Stored dataset items
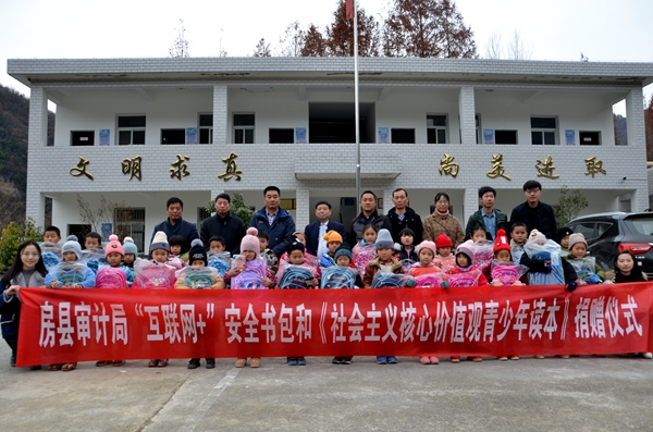 捐赠活动中,房县审计局长卢正斌为该校27名学生每人分发了爱心书包、图书、文具等学习用品,并亲自为孩子们戴上帽子、手套,该局退休职工赵东山同志将1万元现金捐赠给该校,用于改善办学条件。卢正斌希望同学们志存高远、好好学习、奋发向上,从小树立远大理想和抱负,把爱心和责任作为精神传承,不断提高自己、完善自己、发展自己,努力成为德、智、体、美全面发展的社会主义接班人。
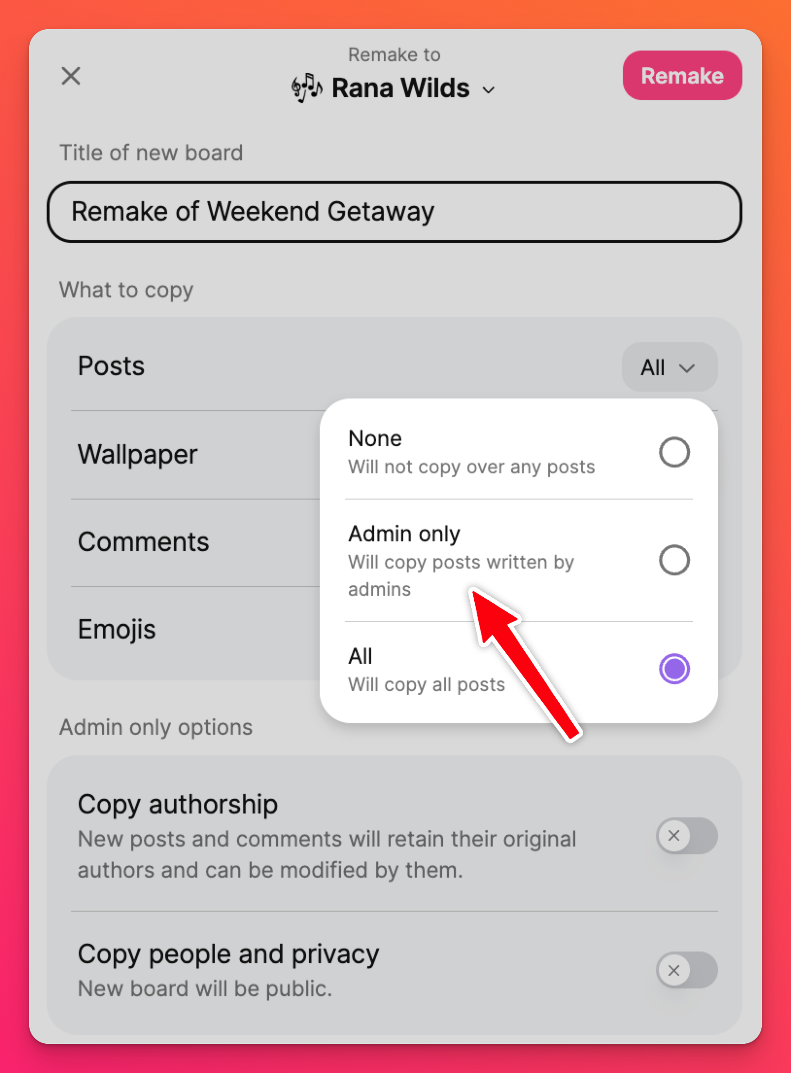 Just click the Remake button on the right-hand side of the padlet. Next to 'Posts,' click the drop-down menu and select Admin only.
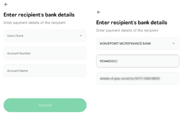 Input the beneficiary account details (merchant or vendor or supermarket account)
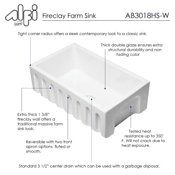 AB3018HS-W 30" White Reversible Single Bowl Fireclay Farmhouse Sink Specifications
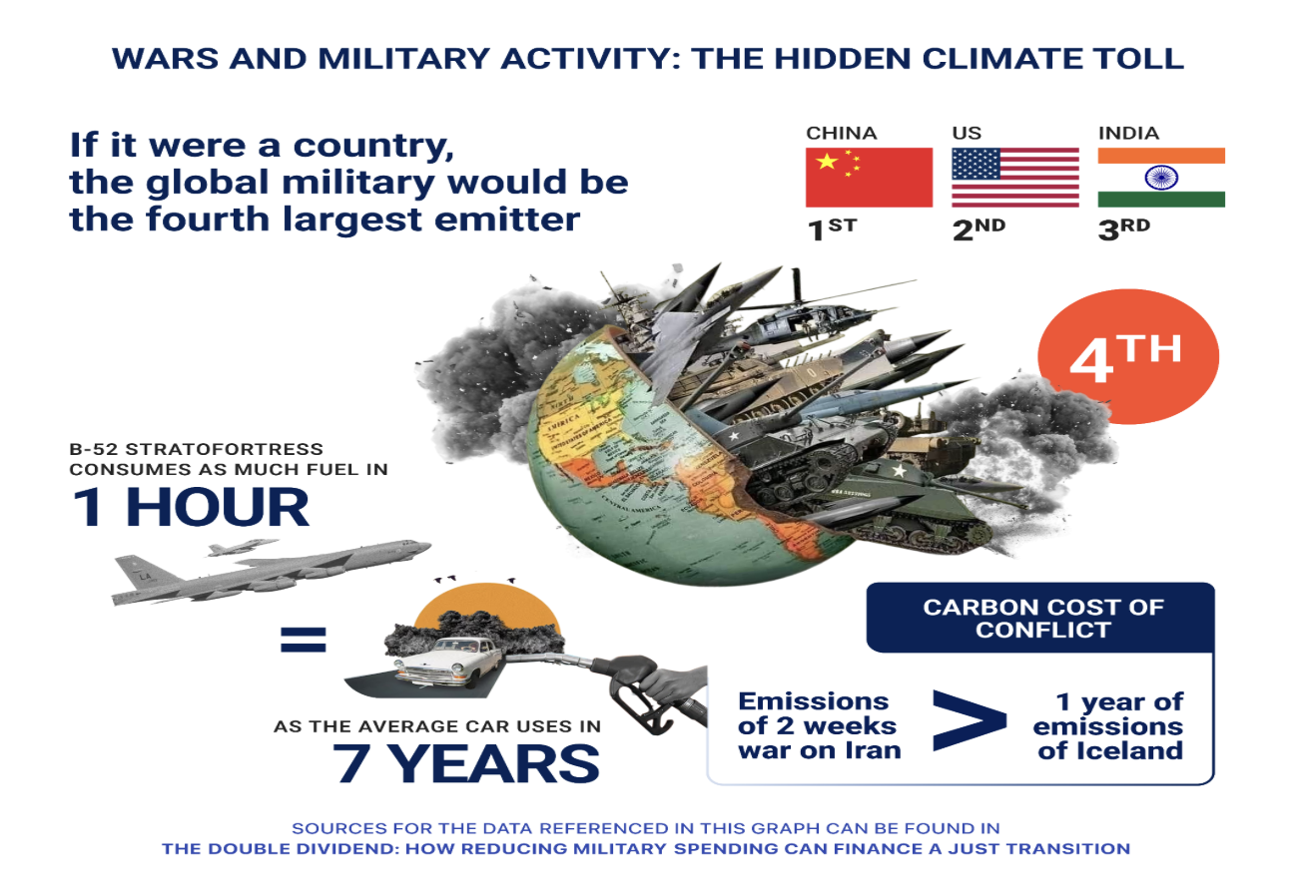 A new report, The Double Dividend: How Reducing Military Spending Can Finance a Just Transition examines the deep structural links between militarism, fossil fuel dependence and the climate crisis. It highlights that global military spending reached a record US$2.7 trillion spending by 100 countries in 2024. In 2025, this number rose to US$2.88 trillion and could reach US$4.7 to US$6.6 trillion by 2035. Spending by the largest militaries was 30 times greater than the climate finance currently being directed towards the world’s most vulnerable nations.
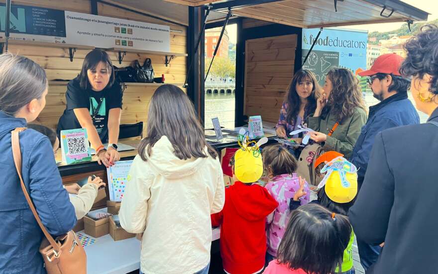 Los Salvacomidas and FoodEducators joined forces with researcher and lecturer Paloma Rohlfs Domínguez, from the Department of Developmental and Educational Psychology at the EHU, to offer visitors an experience under the motto “Learn and teach how to eat healthier and more sustainably in an easy way”. Our stand became an interactive space where children could discover how to improve their diet, read food labels correctly, identify ultra-processed products, and reflect on food waste.
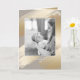 Elegant and glamorous faux gold abstract swashes on dark silver/taupe background, white blank label with taupe border and editable text fields. Inside features complementary abstract background with blank label with suggested greeting and text field.
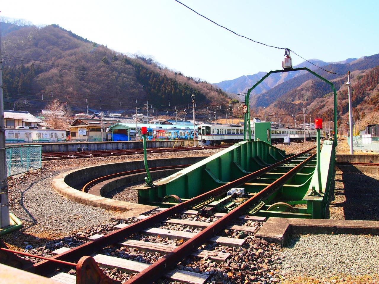 冬の間は運休ですが、春になってSLの運行が再開されたら活躍する、SL車両の回転台もあります。 そばにはベンチまで置いてあって、間近で見学することも出来ちゃいます。
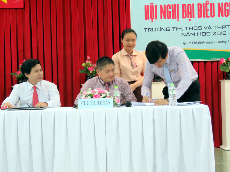 Hội nghị đã lắng nghe và tiếp thu ý kiến chỉ đạo của bà Nguyễn Thị Gái –Ủy viên Ban Thường vụ Đảng ủy Sở Giáo dục và Đào tạo Thành phố Hồ Chí Minh; Chủ tịch Công đoàn Giáo dục Thành phố Hồ Chí Minh cũng như ý kiến chia sẽ của thầy Chủ tịch Hội đồng quản trị Trần Văn Hiếu.
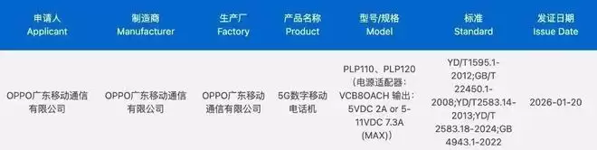 据悉,型号为PLP110、PLP120的OPPO旗下新机于近日通过了认证。认证信息显示,其支持 80W 快充,配备型号为VCB8OACH的电源适配器。
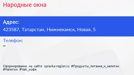 Народные окна по адресу 423587, Татарстан, Нижнекамск, Новая, 5 в дальнейшем Организация, размещена в следующих категориях:

*EXERCISE DESCRIPTION*: With pictures removed, write out exactly each line of the entries from the first through the line that holds "Farmhouse Sink Specifications".

*EXERCISE SOLUTION*:
 捐赠活动中,房县审计局长卢正斌为该校27名学生每人分发了爱心书包、图书、文具等学习用品,并亲自为孩子们戴上帽子、手套,该局退休职工赵东山同志将1万元现金捐赠给该校,用于改善办学条件。卢正斌希望同学们志存高远、好好学习、奋发向上,从小树立远大理想和抱负,把爱心和责任作为精神传承,不断提高自己、完善自己、发展自己,努力成为德、智、体、美全面发展的社会主义接班人。
 Just click the Remake button on the right-hand side of the padlet. Next to 'Posts,' click the drop-down menu and select Admin only.
 Input the beneficiary account details (merchant or vendor or supermarket account)
 AB3018HS-W 30" White Reversible Single Bowl Fireclay Farmhouse Sink Specifications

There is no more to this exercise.